May $a_1,\ldots,a_n \in \mathbb{R}^m$ be the column vectors of A. We define $u_1,\dots,u_n \in \mathbb{R}^m$ by means of the Gram Schmidt algorithm,
$ u_r = a_r - \sum_{s=1}^{r\;-1}\;\mathrm{proj}_{u_s}(a_r)\quad \text{for r = 1,...,n} $
where
$ \mathrm{proj}_{u_s}(a_r) = \begin{cases} \frac{u_s\cdot a_r}{u_s\cdot u_s}u_s & \text{for}~u_s \neq 0\\ \phantom| \\ \qquad0 & \text{for}~u_s=0 \end{cases} $
a) What is the value of $u_r$, if $a_r\in \mathrm{span}(a_1,\dots,a_{r\,-1})$ with $r \leq n$? How can $\{v_1,\ldots,v_k\}$ be expressed in terms of $\{u_1,\ldots,u_n\}$?
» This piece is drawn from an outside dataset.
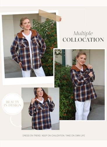 Dokotoo Womens Plaid Shacket Jacket Long Sleeve Button Down Fleece Hooded Jackets Warm Coat 5

What I don't understand is how $\mathrm{proj}_{u_s}(a_r)$ is defined, as far as I understand $u_s$ and $a_r$ are column vectors of size $m$, thus how can they be multiplied with one another?
My hunch is that $u_r$ is zero if $a_r \in \mathrm{span}(a_1,\dots,a_{r\,-1})$ as $a_r$ is not linearly independent in this case and can thus be expressed as sum of $(u_1,\dots,u_{r\,-1})$.